To demonstrate the power of SORA’s distributed cloud computation, we benchmarked two algorithms: Omega and SORA. Omega is an string overlap-graph based metagenome assembler tool implemented in C++ [24]. We could choose another baseline application such as Spaler [20], which is a Spark-based de novo genome assembler using DBG approach, but Spaler is not publicly available for benchmarking. In Fig. 4, it shows that SORA’s computation time is only 1.77 h running time compared to Omega with 7.5 h running time. In addition to efficient speedy performance, SORA uses less amount of system memory compared to Omega since it breaks down the graph computation tasks to process them in parallel, thereby allowing more of the graph to be in memory and speeding up the analysis.

Fig. 4
figure 4

Benchmark to Omega. Shows how the analysis of the metagenomics dataset compares with Omega

Horseweed Dataset Analysis

To show the flexibility and usability of SORA, we applied SORA to a single genome dataset to generate a reduced graph. Total size of 72 FASTQ paired-end files is 108 GB. We used a local computational workstation that has 32 cores (Intel Xeon Processor E5-2640 V3 2.6GHz) and 128 GB of memory (DDR4 2133MHz ECC).

Overlap Graph Construction

To demonstrate the power of SORA for genome assembly with multiple raw reads dataset from a single genome, we implemented and incorporated multiple shell scripts into SORA to perform error correction on the genome dataset, find overlaps of the corrected reads, and generate a large overlap graph as a batch process, and thereafter executes SORA. The dataset that we tested was processed with normalization and graph construction containing 8.3 million edges. Figure 5 represents that the pipeline script including SORA completed the assembly in 9.75 h where SORA core modules (TER, DER, and CEC) only took less than 10 min.

Fig. 5
figure 5

Shows the overall timing of each step from raw reads to reduced graph using SORA

Transitive Edge Reduction

Table 2 shows the assessment results using the TER algorithm with the single genome dataset that contains 8.3 million edges. After the TER algorithm, SORA produced the reduced graph that contains 5.4 million edges, which was lower reduction rate than the experiment using the metagenomic dataset since the single genome dataset is constructed less redundancies and receives fewer transitive edges potentially to be removed. Figure 5 shows that the TER algorithm completed with the best speedy performance (1.02 min execution time) with efficient memory consumption that is not requiring above 22% of overall memory usage from 128 GB total system memory.

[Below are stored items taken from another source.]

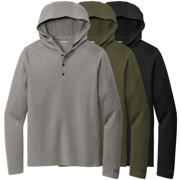
OGIO Luuma Flex Hooded Henley OG826 Adult Sizes: XS-4XL | 3 colors
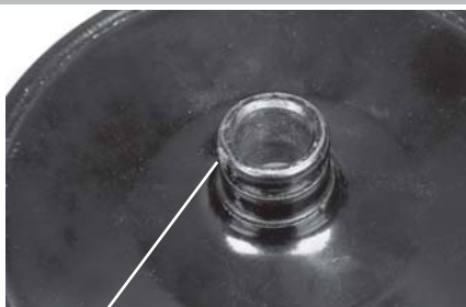
Bent or Flat Shaft
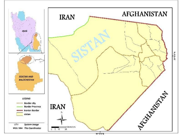
Figure 1. Rural areas of the sample community in Sistan region

The Sistan region and its capital, Zabol, according to the latest administrative divisions in 2012, is comprised of five counties of Zabol, Zehak, Hirmand, Hamoon, and Nimroz. The region has an area of 15197 square kilometers in latitude of 30° 5' to 31° 28' EW, and longitude of 60^{\circ} 15' to 61^{\circ} 50' in southeast Iran, and the northernmost part of Sistan and Baluchestan province (Fig. 1). The province borders Afghanistan and Southern Khorasan in north, and Kerman province in west (Sohrabi & Shirazi Gilani, 2007). The climate in the entire area is hot and dry, with an average annual temperature of 21.8 °C, and average annual rainfall of 58.7 mm. Sistan 120-day wind is among the most wellknown local winds in Iran which has an unavoidable impact on all ecological, economic, and social aspects of the region (Khosravi, 2008). The main activity of the people in the Sistan region is agriculture, which thanks to Helmand River and sedimentary plain of Sistan, has been the main economic activity across the prairie.
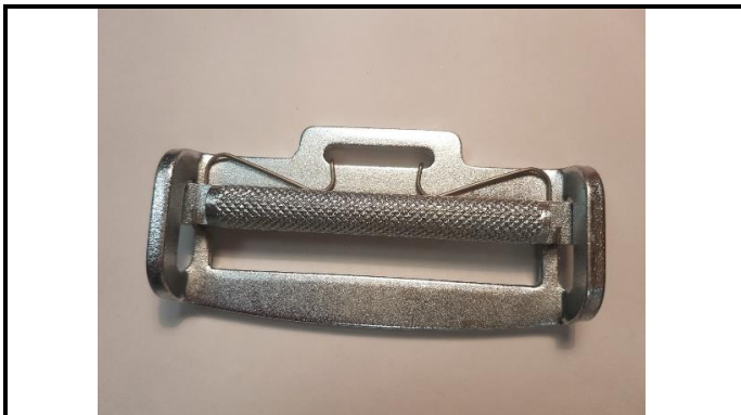
A2-1) Position / Position : Shoulder body straps (left & right)
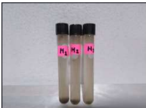
Figure 1. Initial samples without treatment.

In Figure 1 the initial samples of the tributaries are observed before the treatment with micronanobubbles of air and graphene, where a high turbidity can be observed according to the color they present.
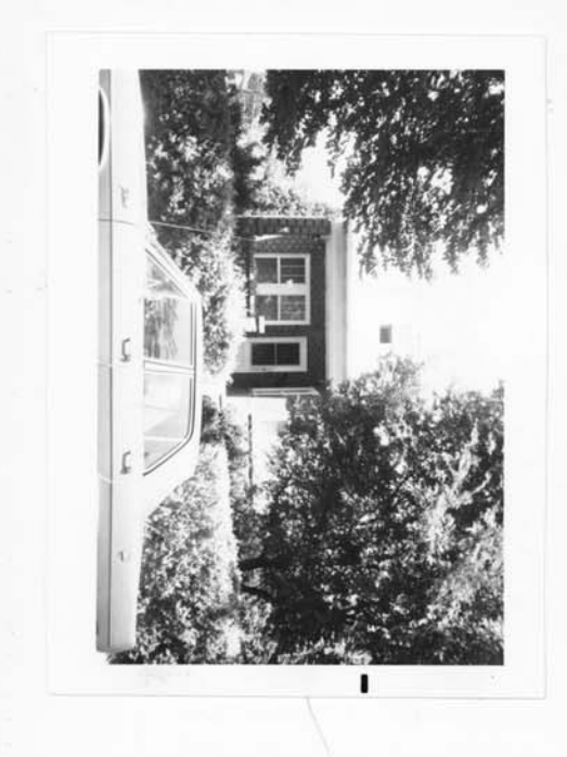
PHOTO REMARKS NOTE: 7/1/82 check 057 2058 for mission 077-048 for mission 34 1952
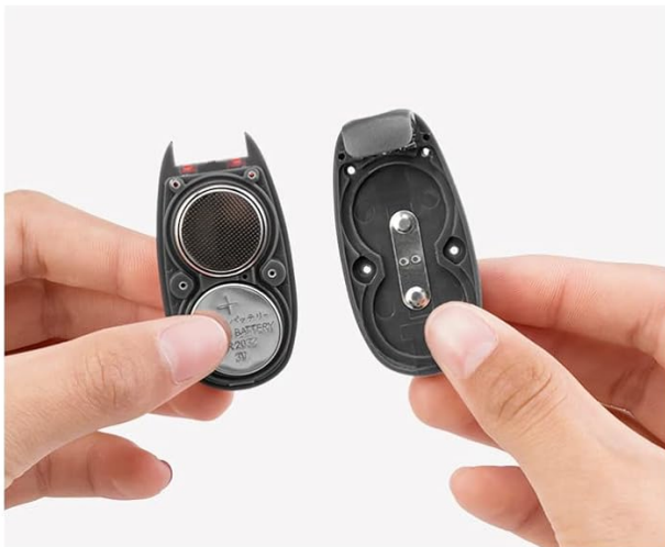
3. Replace the battery
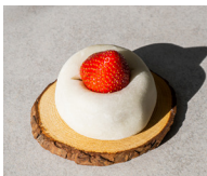
Strawberry Mochi $4
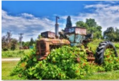
2 Blending In - Sonya Lang
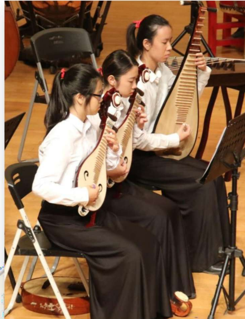
Chinese Music and Brass Band Performance Concert

Encouraging students to participate in a variety of clubs and activities, and to participate in external competitions to cultivate their artistic appreciation and aesthetic literacy.
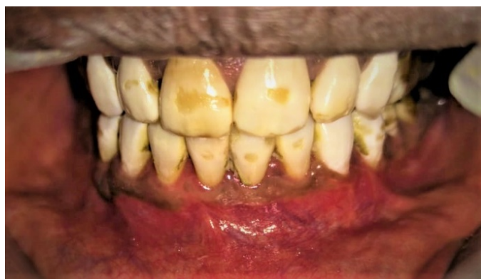
Figure 1. Intra oral view showing obliteration of buccal vestibule

Orthopantomograph (Figure 2) showed presence of a unilocular radiolucent lesion extending from the mandibular left first premolar to the mandibular right first molar. Superoinferiorly it extends from the root apices of the tooth to 2 mm above the inferior alveolar nerve. There was an empty aspiration initially and serous blood was obtained during second aspiration performed in different angulations. On the basis
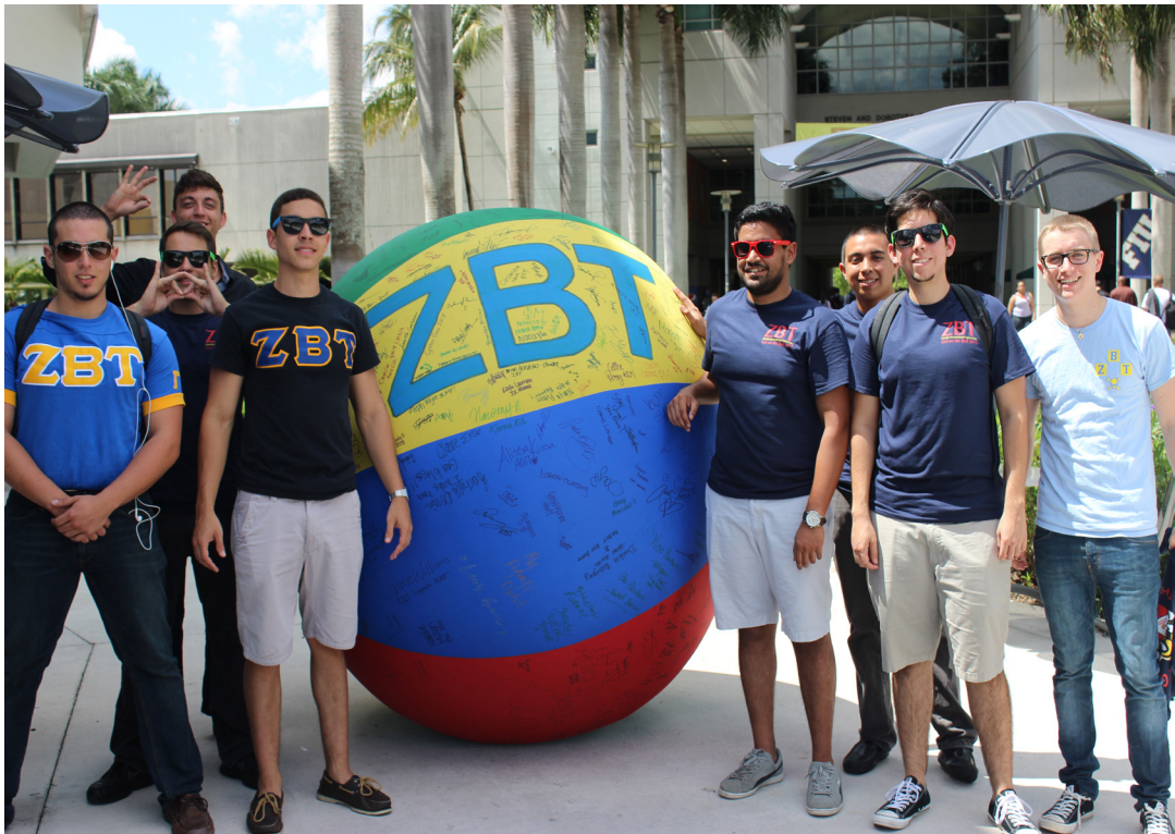
Members of the Zeta Beta Tau fraternity pose with their giant beach on the GC lawn on Tuesday, March 17.
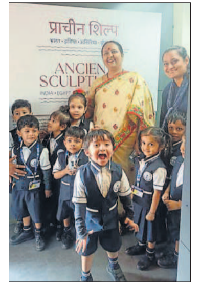
St Wilfred's School had arranged mobile museum in school premises.

the new Era of the cultural inclusivity by keeping in mind the interests of its future generation. Each and every child including the teachers enjoyed this fruitful event. In conclusion, the concept of mobile museums is not just a novel educational approach; it's a transformative voyage into the heart of experiential learning. As these wheels of wisdom traverse the educational landscape, they leave an indelible mark, proving that the pursuit of knowledge knows no bounds and can roll into the most unexpected corners of our world.
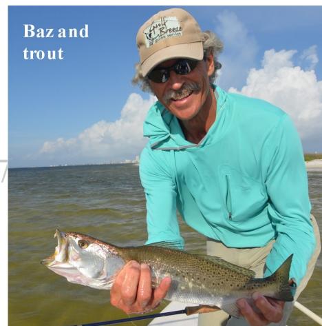
Baz and trout
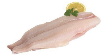
FSHAD810 Packer Haddock Fillets 8—10 OZ Fillets 10# Case
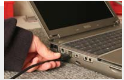
USB connection makes it easy to upload accompaniments or download practice sessions.
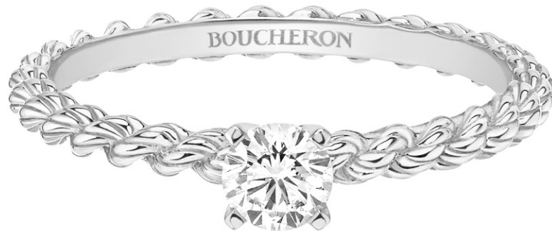
Serpent Bohème - Solitaire set in White Gold
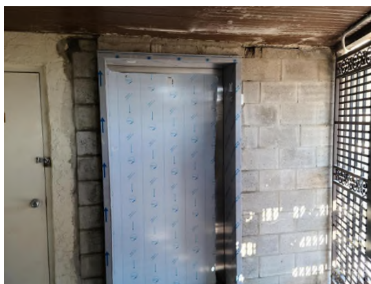
Roof top doors revealed

"While you're in there, why don't you...?"
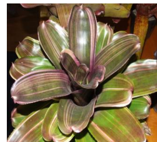
Neo. Downs Autumn
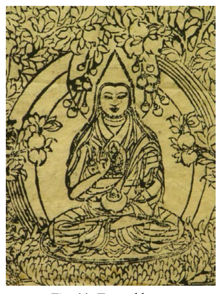
Fig. 11: Tsong kha pa
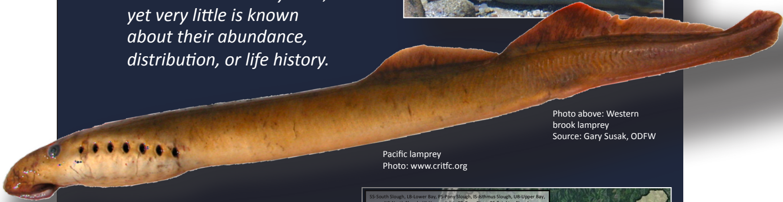
Pacific lamprey
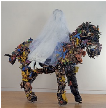
Niki de Saint Phalle The Horse and the Bride (Cheval et la Mariée) , 1963

Glass and mirror mosaic, ceramic, and gold leaf 230 x 310 x 210 cm Sprengel Museum, Hanover, Gift of the artist, 2000 © Niki Charitable Art Foudation, Santee, USA
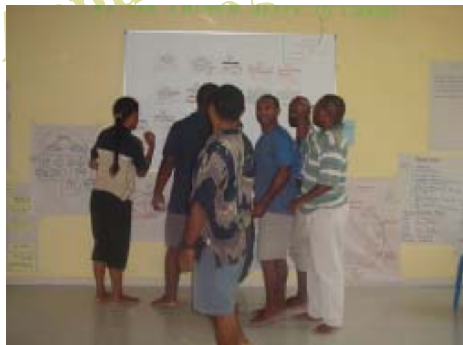
Reflecting the past: CELCOR staff at its Reflection workshop
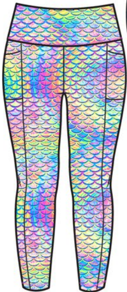
Psychedelic Mermaid SFA003PS

Table 2 The SORA results with the horseweed dataset

Dead-End Removal and Composite Edge Contraction

Table 2 also shows the outcomes of overlap-graph reduction from the DER-CEC algorithms with the dataset where the graph contains 5.4 million edges generated from the TER algorithm. As we executed the algorithms DER and CEC subsequently, the DER algorithm produced the reduced graph with 4.2 million edges, whose output was fed into the CEC algorithms that completed the final graph leading to the reduced 1 million-edge graph. During this overlap-graph reduction, the DER-CEC algorithm completed the computation in 8.23 min with the maximum 37% consumption of the 128 GB total memory.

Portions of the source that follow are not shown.